↓↓↓
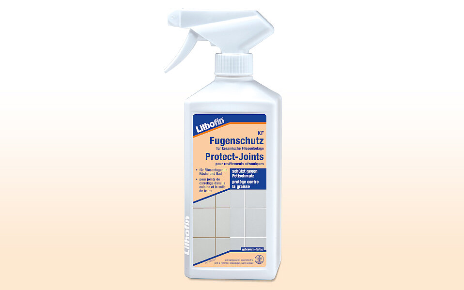 Um diesen Verschmutzungen entgegen zu wirken und auch die Reinigung zu erleichtern, empfehlen wir die Fuge mit Lithofin KF Fugenschutz zu behandeln. Die Imprägnierung baut eine nachhaltige Fett- und Ölabweisung auf, so dass das Eindringen dieser Substanzen deutlich erschwert wird.
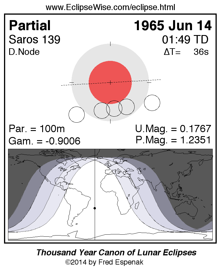 The tables below contain detailed predictions and additional information on the Partial Lunar Eclipse of 1965 Jun 14 .
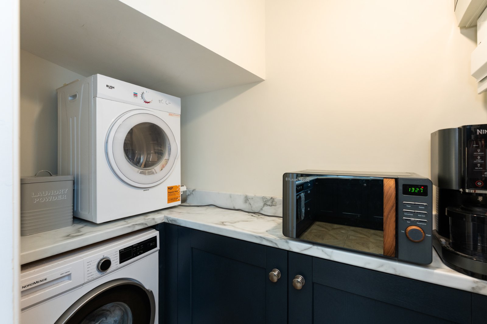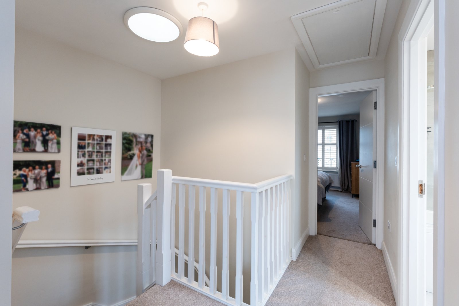 Shelved storage cupboard, access to roofspace via pull down ladder to partially floored roofspace
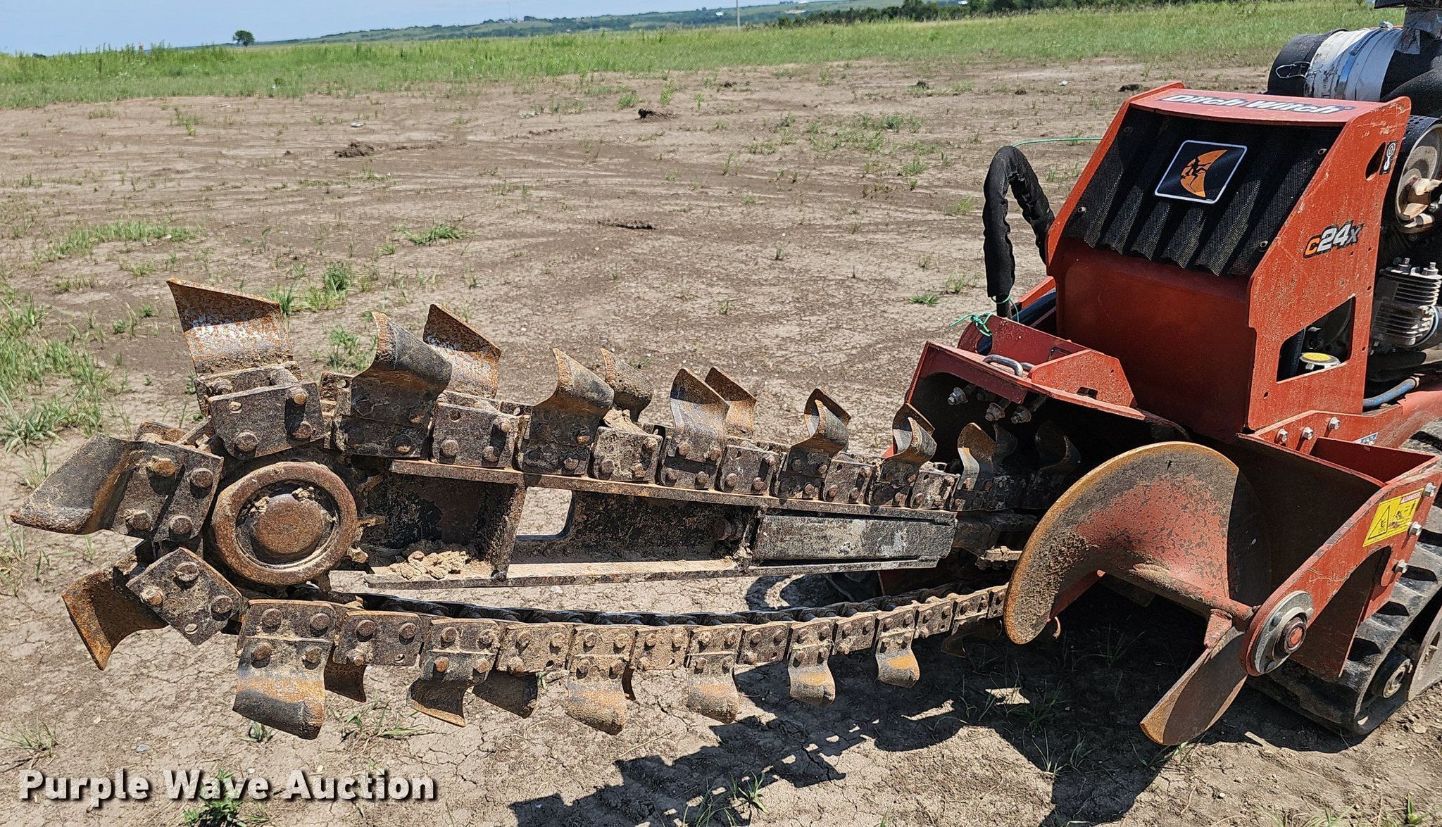 2017 Ditch Witch C24X trencher. Hours: 306 on meter, Miles or hours may vary, unit still in use, Serial: DWPC24XACH0000849, Unit #: E-64. Engine Honda GX690, Displacement: 688 cc, Cylinders: 2, Fuel type: Gas. Transmission Hydrostatic. Features Trencher Estimated dig depth: 56", Cutting width: 4.5", Teeth: Dirt, Manual crumber. Tracks Width: 8", Rubber. Notes Crumber removed but included. Superior Excavating LLC - Open Inspection August 14 and 19. 10401 North Woodlawn Boulevard. Valley Center, KS 67147
↑↑↑
→ **Work to be completed**
Find the line containing "Shelved storage cupboard, access" in the listing above. Restate it and every line after it, word for word, through the final line, leaving out the pictures.

→ **Task answer**
 Shelved storage cupboard, access to roofspace via pull down ladder to partially floored roofspace
 2017 Ditch Witch C24X trencher. Hours: 306 on meter, Miles or hours may vary, unit still in use, Serial: DWPC24XACH0000849, Unit #: E-64. Engine Honda GX690, Displacement: 688 cc, Cylinders: 2, Fuel type: Gas. Transmission Hydrostatic. Features Trencher Estimated dig depth: 56", Cutting width: 4.5", Teeth: Dirt, Manual crumber. Tracks Width: 8", Rubber. Notes Crumber removed but included. Superior Excavating LLC - Open Inspection August 14 and 19. 10401 North Woodlawn Boulevard. Valley Center, KS 67147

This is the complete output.